### Exercise directions
Below is a listing. Return the lines from the one that contains "Ефект доміно: як" to the one that contains "Теплосетевой комплекс в", both ends included, verbatim and with no pictures.

### The data
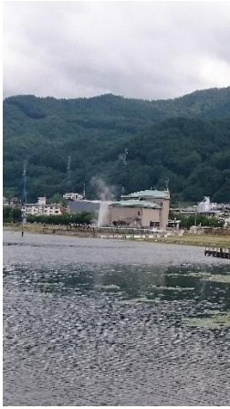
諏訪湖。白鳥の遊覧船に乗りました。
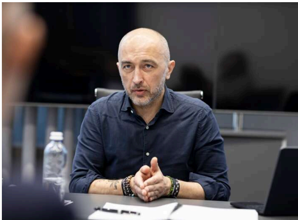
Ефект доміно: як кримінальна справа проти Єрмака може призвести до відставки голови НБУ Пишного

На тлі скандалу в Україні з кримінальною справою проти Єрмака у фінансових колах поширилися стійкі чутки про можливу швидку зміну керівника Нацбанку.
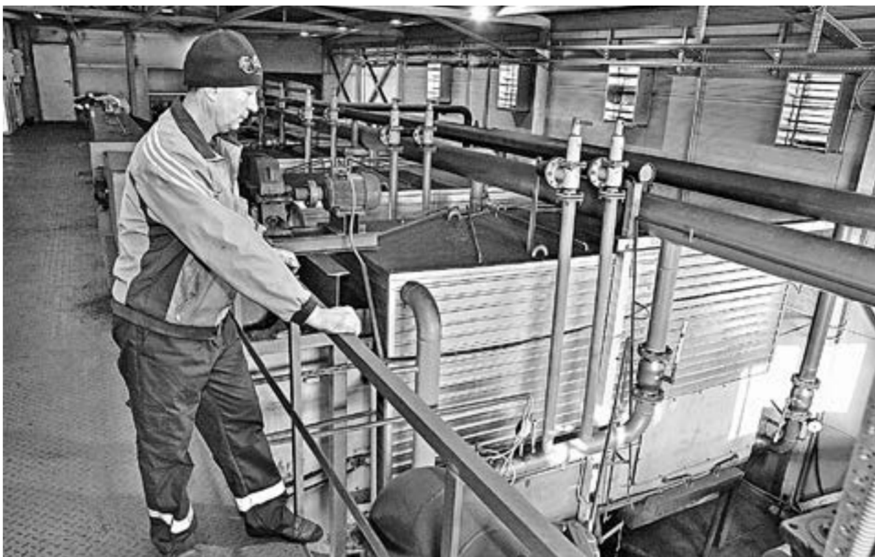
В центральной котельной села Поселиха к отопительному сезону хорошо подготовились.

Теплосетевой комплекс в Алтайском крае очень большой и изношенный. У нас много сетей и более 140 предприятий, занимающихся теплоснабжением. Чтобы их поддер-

---

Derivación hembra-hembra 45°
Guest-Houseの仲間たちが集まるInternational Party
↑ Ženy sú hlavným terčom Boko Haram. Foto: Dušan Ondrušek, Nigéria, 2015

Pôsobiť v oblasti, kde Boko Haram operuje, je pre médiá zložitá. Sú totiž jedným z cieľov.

...

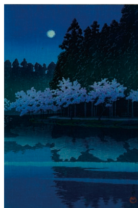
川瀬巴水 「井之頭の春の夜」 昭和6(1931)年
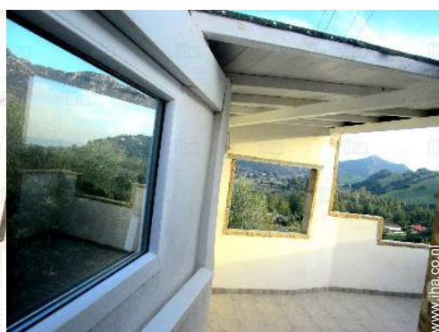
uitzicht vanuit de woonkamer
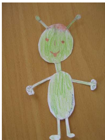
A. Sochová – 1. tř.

### Exercise answer
Ефект доміно: як кримінальна справа проти Єрмака може призвести до відставки голови НБУ Пишного

На тлі скандалу в Україні з кримінальною справою проти Єрмака у фінансових колах поширилися стійкі чутки про можливу швидку зміну керівника Нацбанку.
В центральной котельной села Поселиха к отопительному сезону хорошо подготовились.

Теплосетевой комплекс в Алтайском крае очень большой и изношенный. У нас много сетей и более 140 предприятий, занимающихся теплоснабжением. Чтобы их поддер-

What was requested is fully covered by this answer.